• **Data provided**
::::::::::

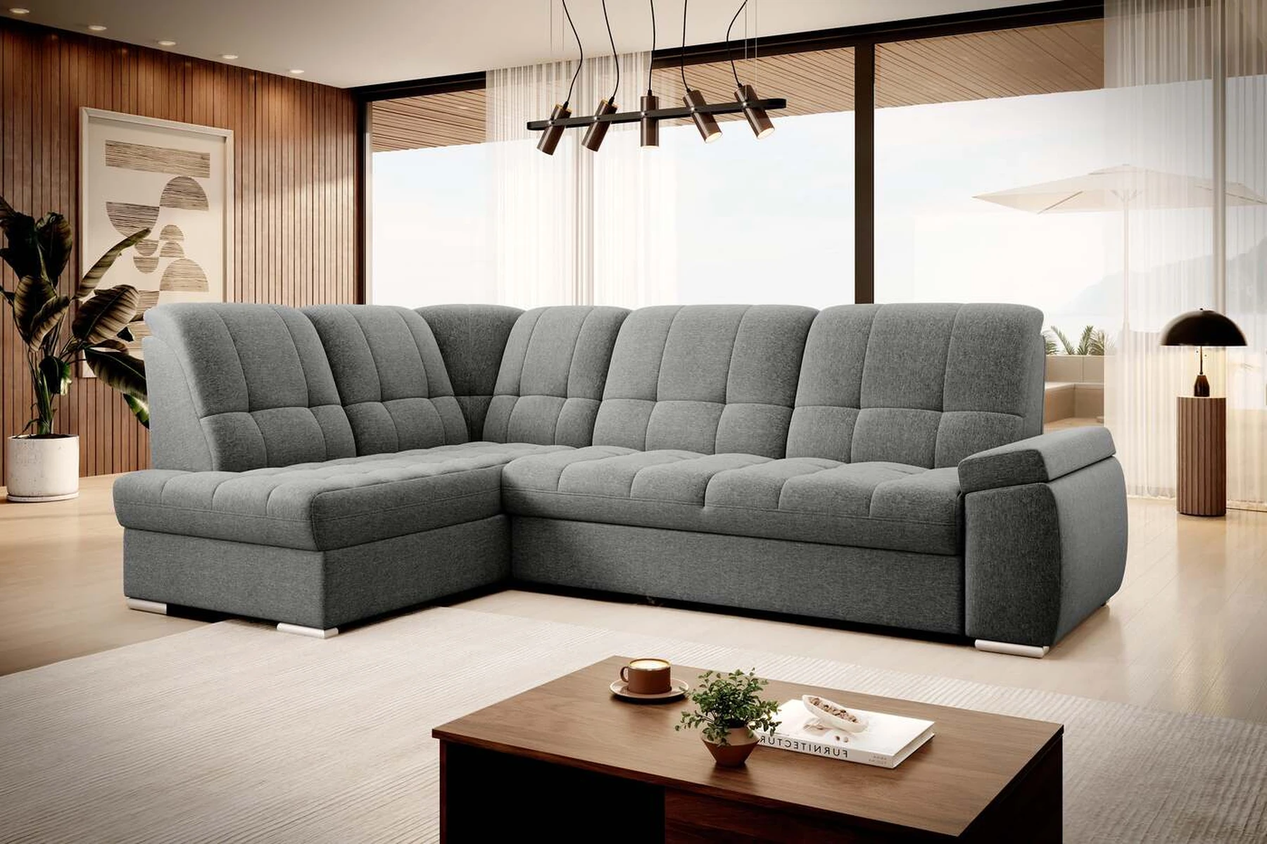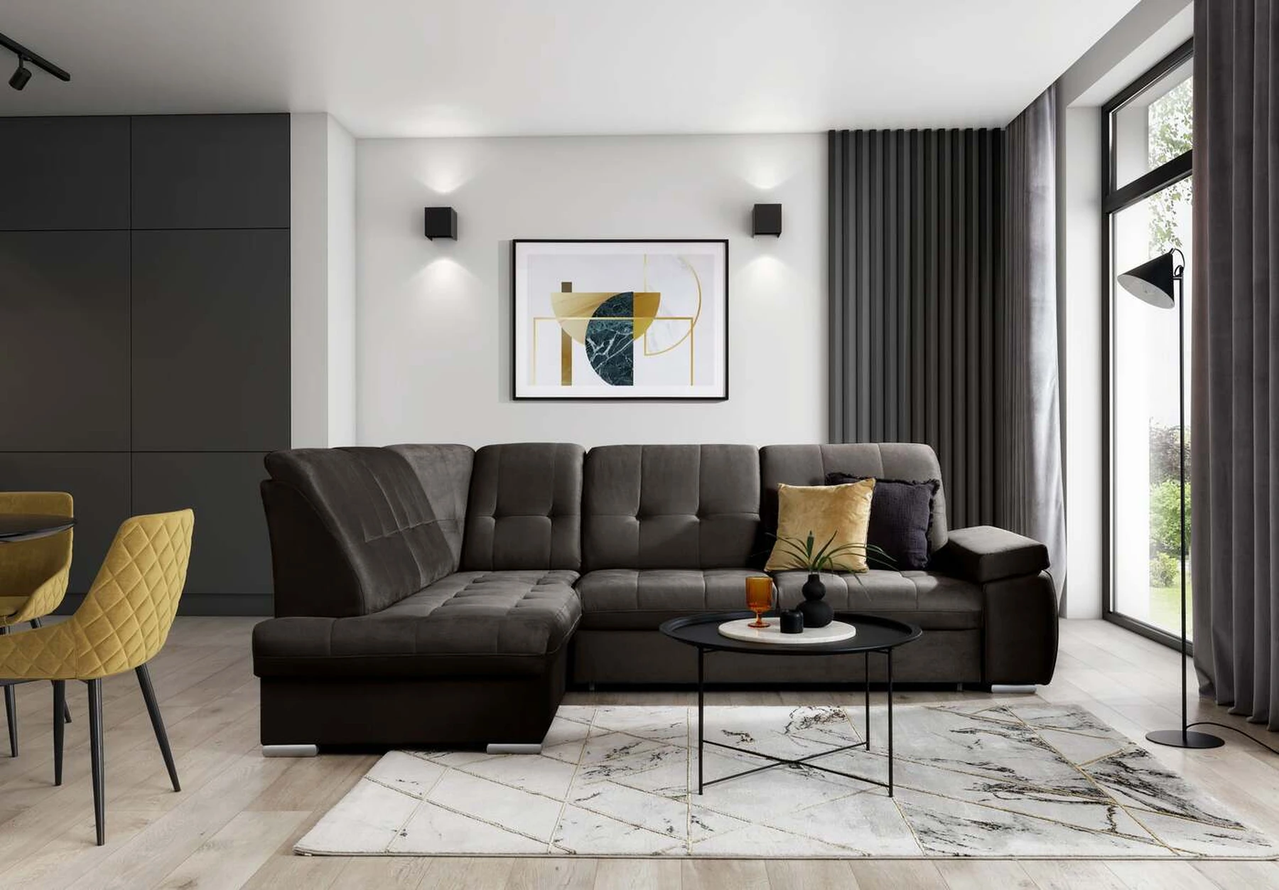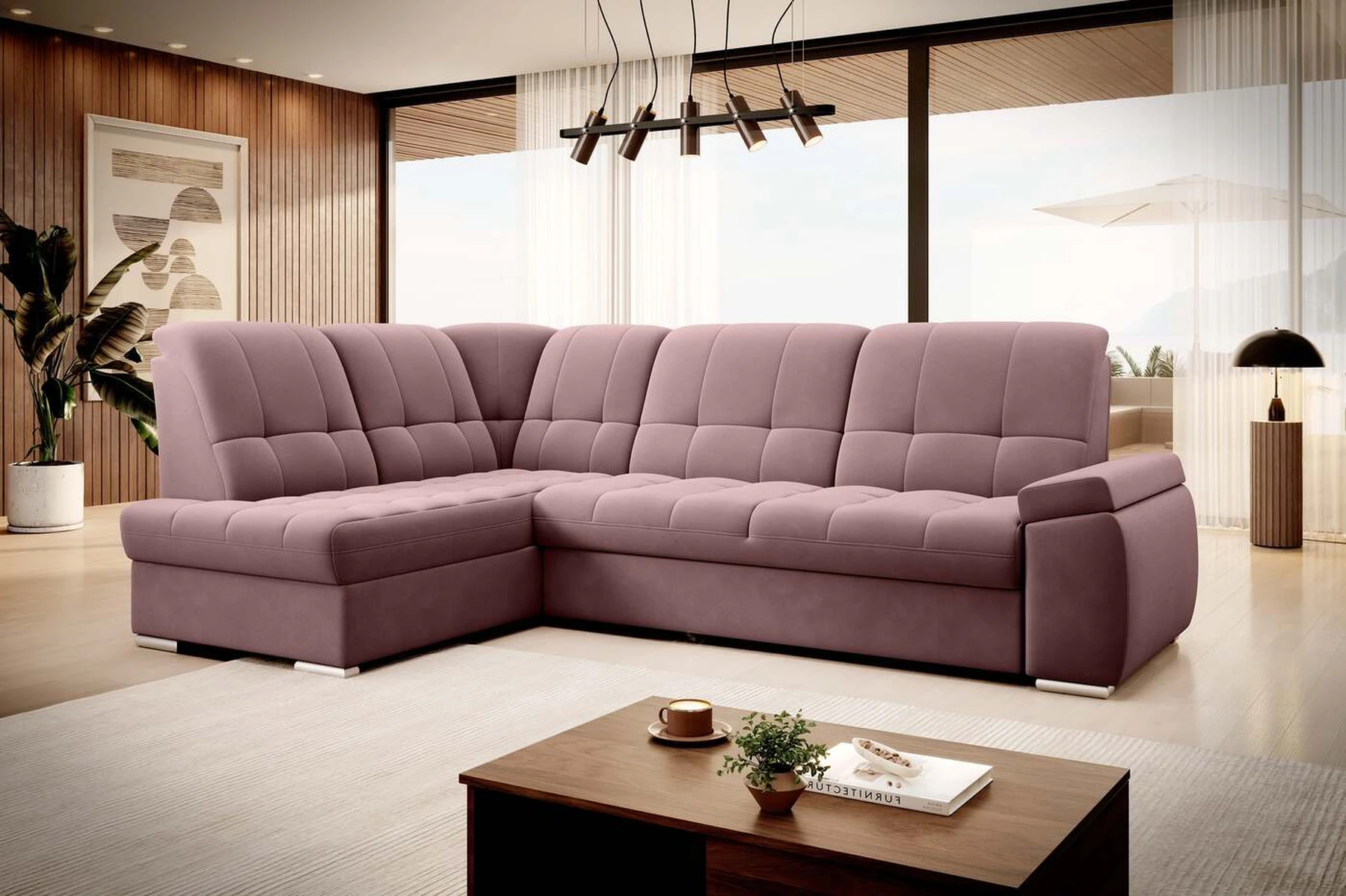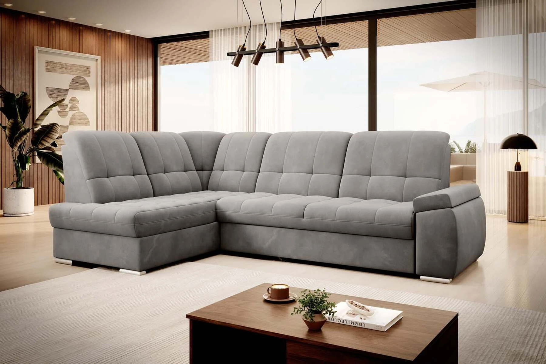 272 x 192 x 95 cm kampinė sofa EL9931 skirta patogiam poilsiui. Puikiai tinka žiūrėti filmus, idealiai tinka knygų skaitymui. Taip yra dėl profiliuoto atlošo su reguliavimo funkcija. Balduose taip pat įrengta 207 x 130 cm ploto sulankstoma miegojimo funkcija, todėl esant poreikiui EL9931 nesunkiai paverssite papildoma lova. Kitas kampinės sofos privalumas – labai paprastas ir intuityvus delfinų mechanizmas, naudojamas šio baldo sulankstymo funkcijai. Be to, pufaje esančiame konteineryje lengvai tilps lovos komplektas. Puiki saugykla žmonėms, kurie vertina erdvę! Taip pat verta paminėti patogų, profiliuotą porankį ir elegantiškas, sidabruotas medines kojas, kurios puikiai tiks šiuolaikiškose svetainėse. Be to, galite rinktis iš daugybės audinių, esančių plačioje kampinei sofos EL9931 medžiagų kolekcijoje.
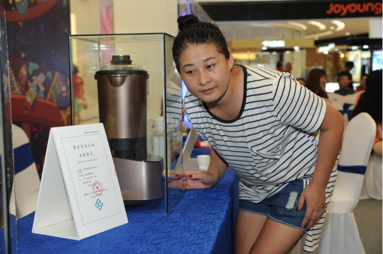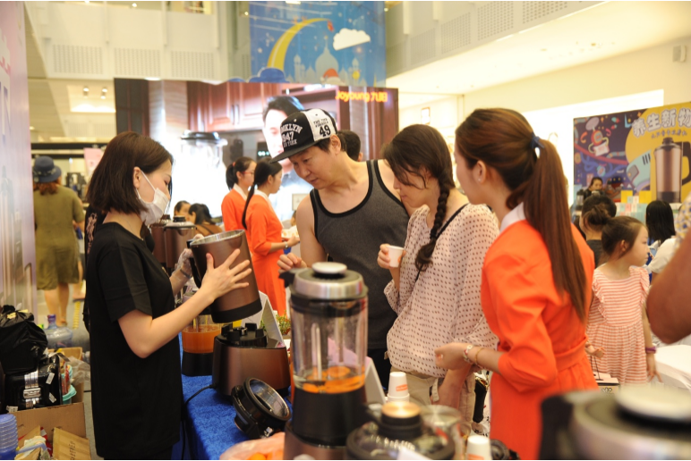 消费者在现场亲自测试九阳静音破壁机YJ08的声音
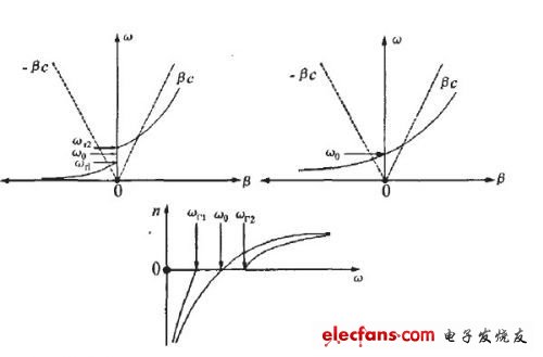 图2.平衡和平衡结构的复合左手传输线相移常数、折射率与频率的关系

::::::::::

• **About this exercise**
No picture should be included when the data are set down again exactly.

• **Result for this task**
 272 x 192 x 95 cm kampinė sofa EL9931 skirta patogiam poilsiui. Puikiai tinka žiūrėti filmus, idealiai tinka knygų skaitymui. Taip yra dėl profiliuoto atlošo su reguliavimo funkcija. Balduose taip pat įrengta 207 x 130 cm ploto sulankstoma miegojimo funkcija, todėl esant poreikiui EL9931 nesunkiai paverssite papildoma lova. Kitas kampinės sofos privalumas – labai paprastas ir intuityvus delfinų mechanizmas, naudojamas šio baldo sulankstymo funkcijai. Be to, pufaje esančiame konteineryje lengvai tilps lovos komplektas. Puiki saugykla žmonėms, kurie vertina erdvę! Taip pat verta paminėti patogų, profiliuotą porankį ir elegantiškas, sidabruotas medines kojas, kurios puikiai tiks šiuolaikiškose svetainėse. Be to, galite rinktis iš daugybės audinių, esančių plačioje kampinei sofos EL9931 medžiagų kolekcijoje.
 消费者在现场亲自测试九阳静音破壁机YJ08的声音
 图2.平衡和平衡结构的复合左手传输线相移常数、折射率与频率的关系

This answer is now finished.